To be a Christian in a place, especially a pastor or church planter, is to be a student of that place. We hold in one hand the stories of God from Scripture, and in the other, we hold the stories of the neighborhood. We learn the history, both the good and the bad, the popular and the untold and forgotten. We learn the wounds and scars and the gifts and graces.
While theological education programs, conferences, podcasts, and certifications all have their place, the neighborhood shows us how the Kingdom of God grows in this place. We may very well find that we learn how to articulate the gospel in the neighborhood more from the local elementary school than from the seminary in another state.

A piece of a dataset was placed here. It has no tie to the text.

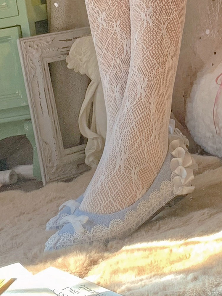 Blue Elegant Lolita Slip-On Flats - Pointed Toe with Bow Accent, Lace Details and Lotus Edge Back
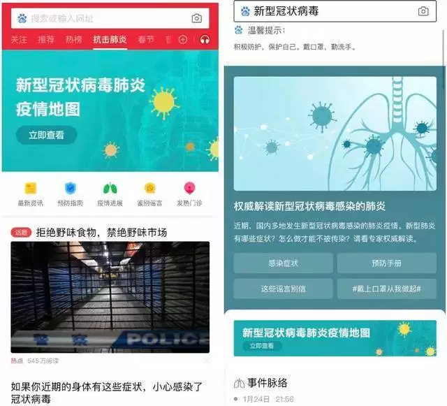 “武汉肺炎”相关的搜索词暴涨背后,具备媒体属性的百度也在主动迎战,针对用户核心的关注点以及对关键信息的需求,通过图文、视频、直播等多种形式,围绕事件最新进展、专家解读、预防方法等全面展现给用户。包括它上线了抗击肺炎频道、用户在百度搜索“新型肺炎”、新型冠状病毒”等关键词就可以进入到百度聚合页中,了解全面的权威信息与报道,并通过“鉴别谣言”栏目,积极辟谣。

“Too much that we do is done at the expense of something else, or somebody else. There is some intransigent destructiveness in us. My days, though I think I know better, are filled with a thousand irritations, worries, regrets for what has happened and fears for what may, trivial duties, meaningless torments—as destructive of my life as if I wanted to be dead. Take today for what it is, I counsel myself. Let it be enough.
“And I dare not, for fear that if I do, yesterday will infect tomorrow. We are in the habit of contention—against the world, against each other, against ourselves.
“It is not from ourselves that we will learn to be better than we are.”
We will learn to be better than we are from the presence of Jesus among us. If the Gospel stories are any indication, his presence may be hidden in plain sight. It may be that flicker on the edge of our field of vision. But we know it when we see it around our tables—our local church communion tables and our dining room tables.
To follow the news, our neighborhoods are desperate for healing. We find this healing not in our own clever and innovative ideas, but in joining up with the God who is putting all things back together.
There is much wisdom in these words.
Find yourself a place that you love the way Berry loves these acres near Port Royal, KY. But don’t love an abstract place, the disembodied idea of things. Love people. Love neighbors. Love children. Love shut-ins. Be available. Be vulnerable. Be embedded in the community fabric of that place. Be nourished in the unique soil of the place.